### Exercise instructions
Look below for the line containing "Ce buffet industriel" and the line containing "もも焼き・ソリレスあぶりの二大名物を筆頭に、その他部位のあぶり焼きも充実。", then set down both and every line between them exactly, without pictures.

### Material shown

↓↓↓

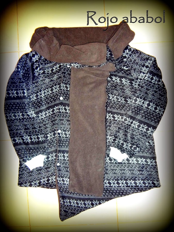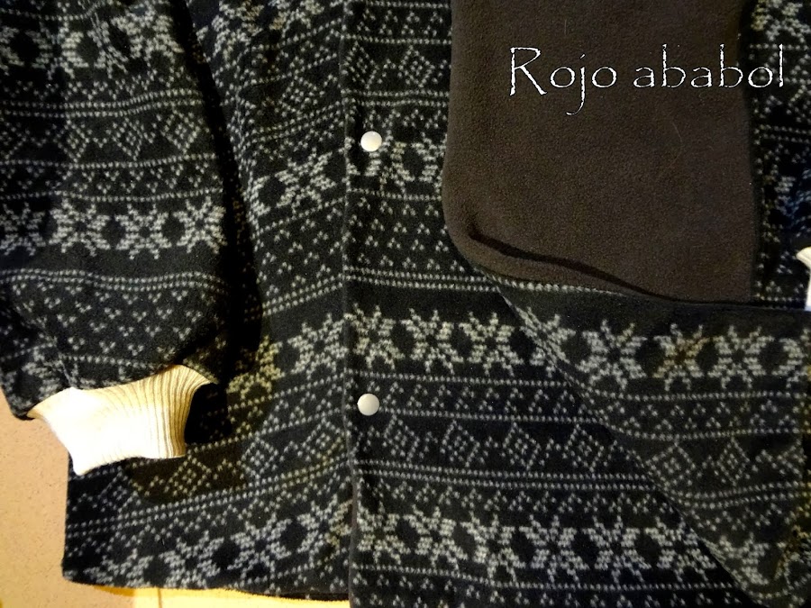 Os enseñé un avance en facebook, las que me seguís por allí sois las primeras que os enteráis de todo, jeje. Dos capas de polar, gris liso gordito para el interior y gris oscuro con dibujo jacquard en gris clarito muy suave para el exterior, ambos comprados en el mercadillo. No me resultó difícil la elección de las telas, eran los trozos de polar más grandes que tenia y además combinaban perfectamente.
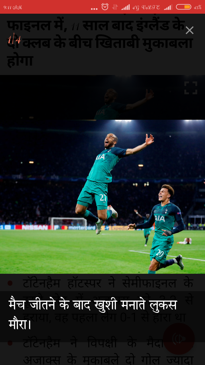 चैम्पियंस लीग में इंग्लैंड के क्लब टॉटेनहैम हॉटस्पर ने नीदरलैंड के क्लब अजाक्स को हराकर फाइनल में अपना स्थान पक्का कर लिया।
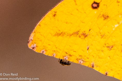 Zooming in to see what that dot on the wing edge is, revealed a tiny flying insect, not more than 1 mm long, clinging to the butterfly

↑↑↑
↓↓↓

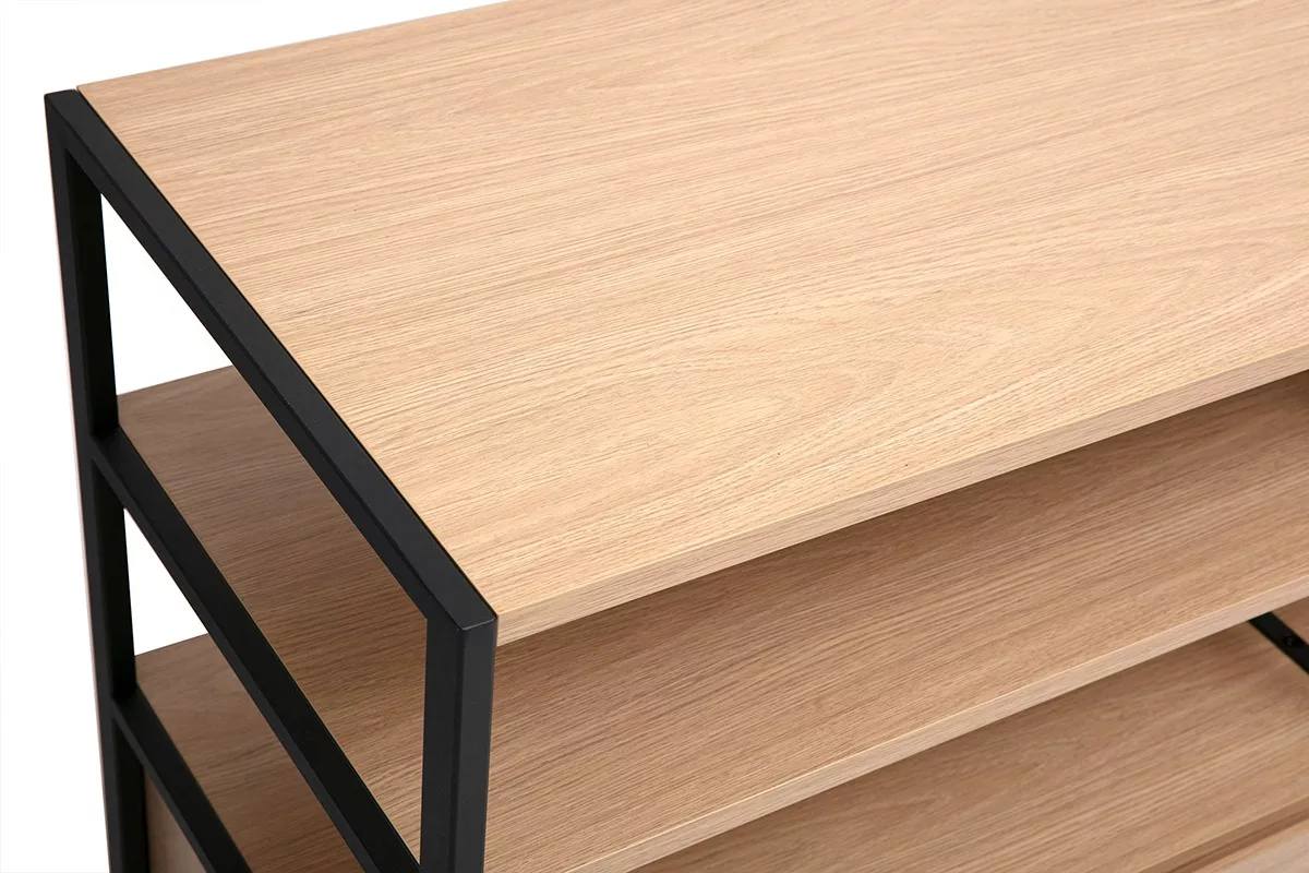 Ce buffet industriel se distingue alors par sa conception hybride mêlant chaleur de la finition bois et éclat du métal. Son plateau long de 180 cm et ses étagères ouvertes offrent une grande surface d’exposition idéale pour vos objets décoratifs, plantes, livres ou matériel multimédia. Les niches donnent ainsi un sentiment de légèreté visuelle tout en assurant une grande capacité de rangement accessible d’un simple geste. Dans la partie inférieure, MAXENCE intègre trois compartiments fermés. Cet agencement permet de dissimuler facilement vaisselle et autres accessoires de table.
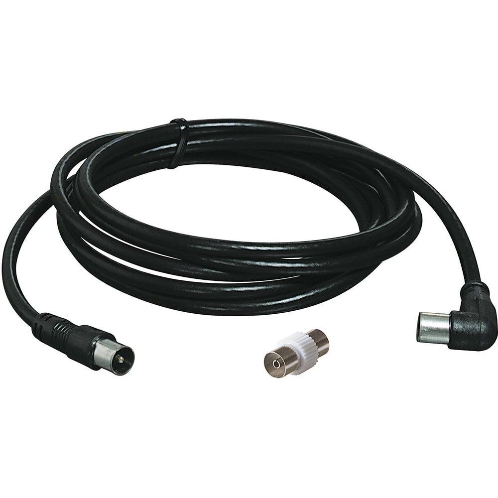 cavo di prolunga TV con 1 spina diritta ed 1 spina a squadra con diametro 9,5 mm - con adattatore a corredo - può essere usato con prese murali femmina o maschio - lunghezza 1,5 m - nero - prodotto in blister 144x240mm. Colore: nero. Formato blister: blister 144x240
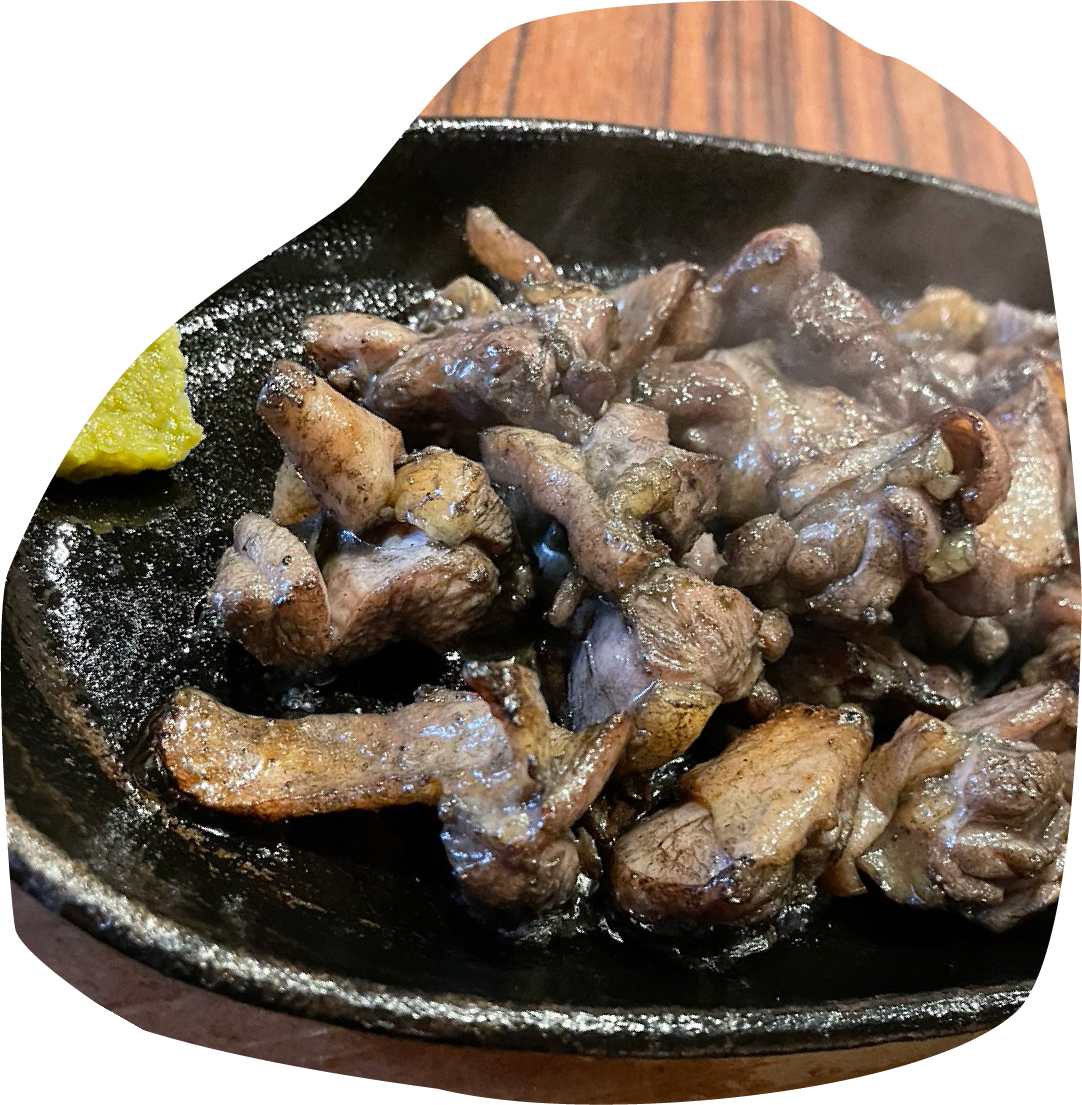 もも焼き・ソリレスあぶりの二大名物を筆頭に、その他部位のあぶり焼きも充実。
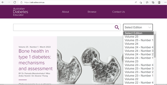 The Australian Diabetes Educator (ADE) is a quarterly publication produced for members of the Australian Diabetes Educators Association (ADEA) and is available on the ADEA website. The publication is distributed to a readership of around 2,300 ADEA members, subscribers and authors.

↑↑↑

### Solution
 Ce buffet industriel se distingue alors par sa conception hybride mêlant chaleur de la finition bois et éclat du métal. Son plateau long de 180 cm et ses étagères ouvertes offrent une grande surface d’exposition idéale pour vos objets décoratifs, plantes, livres ou matériel multimédia. Les niches donnent ainsi un sentiment de légèreté visuelle tout en assurant une grande capacité de rangement accessible d’un simple geste. Dans la partie inférieure, MAXENCE intègre trois compartiments fermés. Cet agencement permet de dissimuler facilement vaisselle et autres accessoires de table.
 cavo di prolunga TV con 1 spina diritta ed 1 spina a squadra con diametro 9,5 mm - con adattatore a corredo - può essere usato con prese murali femmina o maschio - lunghezza 1,5 m - nero - prodotto in blister 144x240mm. Colore: nero. Formato blister: blister 144x240
 もも焼き・ソリレスあぶりの二大名物を筆頭に、その他部位のあぶり焼きも充実。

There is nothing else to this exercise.